MDM Group Associates, Inc. v. Emerald Isle Realty, Inc., 2008 WL 2641271 (E.D.N.C.)
MDM, which sells insurance and other financial products and services, sued a number of North Carolina realty businesses. It alleged that it developed an “original product,” the “Peace of Mind Security Deposit Waiver Program.” It’s a type of insurance: Vacation renters would pay a small fee of $30-$50 instead of a much larger security deposit, and if damage occurs, they’d be protected up to $3000. To implement this, MDM drafted a form contract, and registered a copyright on the contract.
MDM alleged that some defendants did business with them, then stopped but kept using the contract, while other defendants copied the contract without ever having a business relationship with MDM.

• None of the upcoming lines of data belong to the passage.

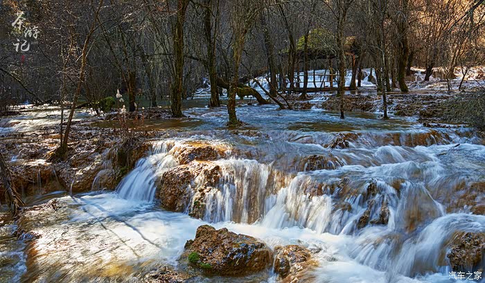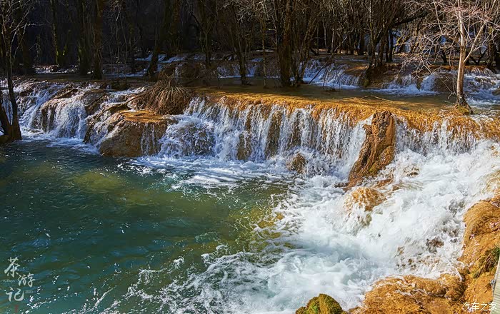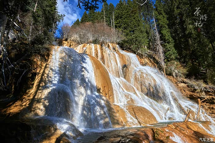 过了瀑布顶,就一路向下了。整个扎嘎瀑布景区就是沿着这个瀑布的水往下走一段。也是钙化地质,但因为有九寨沟在前,这些看看也就寻常了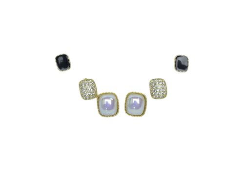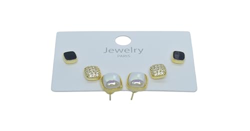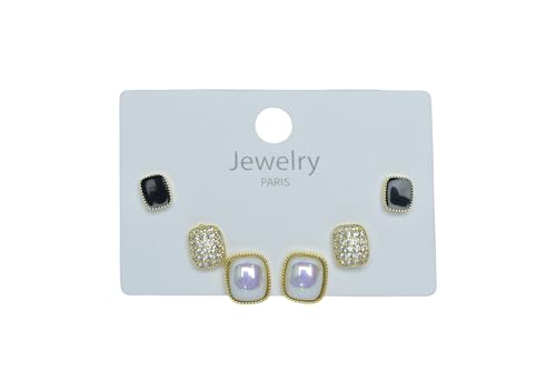 Generic - طقم اقراط فاخرة للنساء، 3 ازواج - ذهبي واسود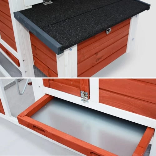 Envie d’élever des poules et d’avoir des œufs frais? Le poulailler Galinette est ce qu’il vous faut. Ce poulailler en bois de sapin accueille 3 poules. Pour leur confort, il possède un étage à l’abri qui les protège des intempéries, des prédateurs et favorise leur repos. Elles y montent grâce à une rampe d’accès. Cette maison pour poules est également équipée d’un perchoir et d’un pondoir à deux compartiments. Le toit est ouvrable pour pouvoir ramasser les œufs facilement.Par ailleurs, la cage à poules est dotée de nombreux accès et d’une trappe de ventilation coulissante.Pratique, le tiroir de déjection est amovible pour vous simplifier le nettoyage.Le poulailler Galinette est constitué de panneaux épais de 8mm qui garantissent solidité et isolation. Le feutre bitumé sur le toit renforce l’isolation et protège de la pluie et de l’humidité.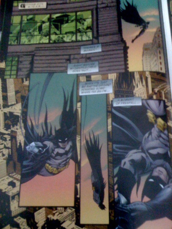 Batman manages to enjoy brief respites in mid air despite the tedium of his continual mission – a moment of suspension in ‘nothingness’, when all is let go off, including his attachment to justice and aversion to crime. Isn’t this the true meaning of rest – that is both physical and spiritual? There is also rest that comes from knowing a worthy hard night’s work is done. True contentment must arise from having done one’s best; not from doing nothing. Later, he tells Green Lantern this –

The court denied defendants’ motion to dismiss the copyright infringement claim on grounds that it was inadequately pled, and their motion for a more definite statement. Allegations that defendants’ “marketing materials” infringe MDM’s copyright were sufficient to allow defendants to answer the complaint. Defendants’ motion to dismiss for lack of copyrightability was also premature—the complaint alleged originality, and the court can only consider a limited universe of documents and allegations on a motion to dismiss. Likewise, defendants’ merger argument was not appropriately resolved on a motion to dismiss. MDM’s civil conspiracy claim was also dismissed as preempted to the extent it relied on the copyright claims.
MDM’s Lanham Act claim fared worse. MDM alleged that defendants violated the Lanham Act and North Carolina law because their ads “inherently” include the representation that their products were “legal” insurance products, but the North Carolina Commissioner of Insurance had not approved those products. Sua sponte, the court declined to resolve defendants’ challenges to the claims, and ruled on an issue it considered dispositive: Under the Lanham Act, “neither an implied statement nor a failure to state constitutes a ‘description of fact’ or ‘representation of fact’” § 1125(a)(1).
This is, of course, entirely wrong. There is a rather large body of case law, in fact, devoted to analyzing when an implied statement violates the Lanham Act, and a smaller but robust cohort of cases discussing when the context of a statement creates implications that require disclosure of a relevant qualification in order to avoid misleadingness. (Perhaps the court’s egregious misstatement is simply evidence that courts would do better to ask the parties to brief issues that the judges believe are crucial even if the parties didn’t raise.)
There is, however, a more specific rationale here: For prudential reasons, courts have often refused to consider failure-to-disclose or implied falsity claims based on the theory that a regulator’s approval for a product or service was required but was not obtained, and that consumers inherently expect that advertisers will only advertise approved products or services. And it was to this rationale, mercifully, that the court turned.
Mylan Laboratories, Inc. v. Matkari, 7 F.3d 1130 (4th Cir.1993), held that an allegedly false implication that drugs were FDA-approved was not actionable. It was insufficient to allege that merely placing a drug on the market implies that the drug has been properly approved by the FDA. (I do not buy this rule as a statement about consumer expectations; it seems to me entirely reasonable for consumers to make precisely this inference. As a rule for managing the spheres of authority of the FDA and the courts, however, I see its place. I would simply call it what it is—an exclusion from the Lanham Act’s scope, rather than a conceptually problematic unrebuttable presumption of lack of deception.)
The court viewed MDM’s argument as identical to that in Mylan. The claim was that defendants put a product on the market without proper regulatory approval, and therefore falsely advertised its approval. Mylan precludes such a claim.
(In a footnote, the court discussed MDM’s original invocation of “false designation of origin,” which it apparently abandoned in the briefing—and properly so; as the court noted, Dastar was an insurmountable barrier to that theory.)
MDM also asserted a North Carolina Unfair and Deceptive Trade Practices Act claim. Its theory was the same—defendants sold unauthorized insurance products, which was “unfair and deceptive.” The court denied defendants’ motion to dismiss for lack of standing, though it noted that MDM’s UDTPA theory was somewhat unclear. I find it interesting that the court didn’t discuss the tension between sustaining MDM’s UDTPA claim and dismissing its Lanham Act claim. It’s certainly possible—maybe even likely—that North Carolina has chosen a different way of dividing responsibility between courts and regulators for insurance than Congress has for the FDA, but I would have thought the issue deserved a mention.